Suicide Prevention Speaker

he cards represent a call for help, you give one to someone when you need someone to talk to - Photo by Victoria Carra

the cards represent a call for help – you give one to someone when you need someone to talk to – Photo by Victoria Carra

By Victoria Carra

On Monday, September 26, Waldorf had a visit from a group called Open Arms Yellow Ribbon Prevention Program where they spoke to students about the warning signs of suicide.

The speakers first shared their own story, where their son, Jacob, had committed suicide while coming down from Adderall that was not prescribed to him. Jacob was fifteen when he committed suicide. The entire group consisted of people that were close to Jacob. Geoff, Jacob’s stepfather, said,” It was the call you never wanted to take, July 30, was the worst day of our lives, we all remember that day like it was yesterday.”

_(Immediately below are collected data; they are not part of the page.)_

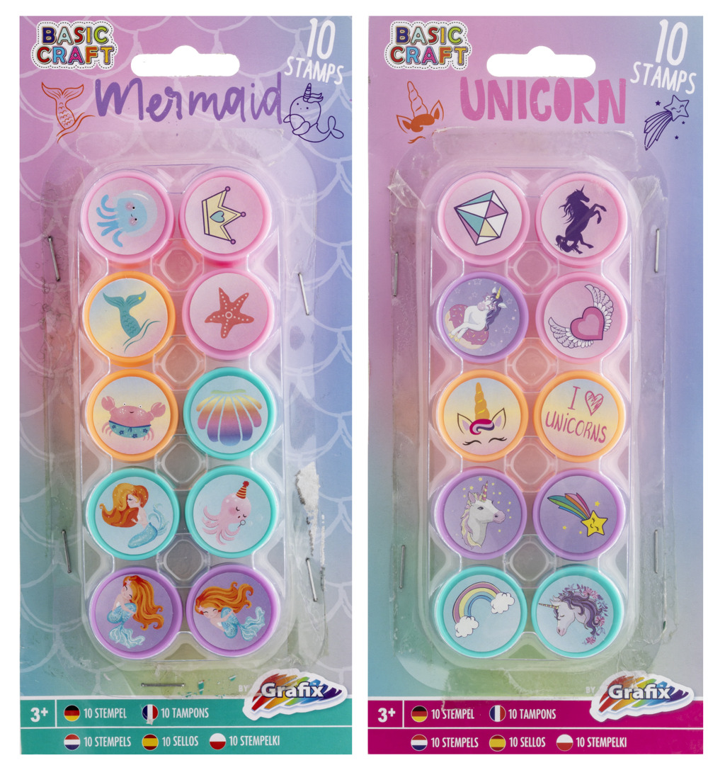 Razítka Jednorožec/Mořská víla – sada obsahuje 10 razítek s motivem Jednorožce nebo Moříské víly.
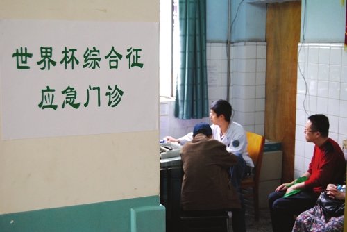 昨日上午,成都市第三人民醫院急診科主任魏鳴將印有“世界杯綜合征應急門診”門牌貼在急診內科門口。從今天開始,這個應急門診將24小時為球迷們服務。9名醫生中除了一名女醫生,其他的人全是球迷。門診沒有安裝電視,對于球迷醫生來說,值班的晚上也是痛苦的煎熬。
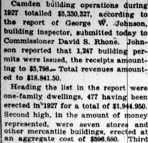 GEORGE W. JOHNSON was born in New Jersey in 1872. He appears as a carpenter living at 571 Clinton Street in the 1890-1891 Camden City Directory. George Johnson married late in life, at the age of 43. At the time of the 1920 Census, he was living with his wife, Loretta, at 765 Line Street and working as a building inspector for the City of Camden. Mrs. Johnson was an active member of the First Methodist Episcopal Church at South 6th and Stevens Street. George W. Johnson later served as the head City Building Inspector for the city of Camden, under the direction of Winfield S. Price, who served as Mayor of Camden from 1927 to 1931. George and Loretta Johnson were still living at 765 line street as late as 1947. He had long since retired. |
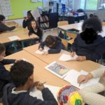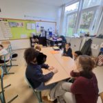 Elles sont revenues une 2 ème fois pour que nous puissions essayer l’accordéon et dessiner nos émotions sur le spectacle ou sur les questions -réponses .
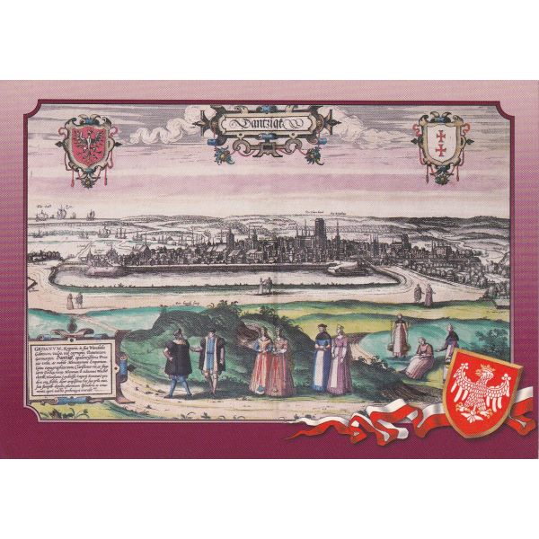 Gdańsk – koloryzowany drzeworyt, G. Braun, F. Hogenberg „Civitates orbis terrarum” Kolonia 1575-1599

They also talked about what to do if you are feeling or if you are trying to help someone through suicidal thoughts. The group gave each student a couple cards that had a phone number to call or text for help. The group discussed how suicide has become a much bigger situation, especially for teens, in the past few years with numbers going up by 24%. For females, it was as much as a 53% increase. They also said that although more women attempt suicide, more men actually die from suicide.

They also discussed what the signs for suicide are and how they are different for every person. Some people are naturally isolated and quiet, which can make it harder to find signs of suicide. There are also times that there are no signs. They discussed that the biggest sign to look out for is any major change in attitude whether it be good or bad.

Sophomore Kirsten DeVary, who was very moved by the speakers, said, ” It was very educational and I feel that it is a speaker that a lot of colleges and high schools should have come and talk to their students about suicide awareness.” DeVary felt that the speaker helped open her eyes to the problems of suicide.

If you or someone you know is struggling, please call 1-800-273-TALK, or text “LIFE” to 61222. There are also always people willing to listen here on campus.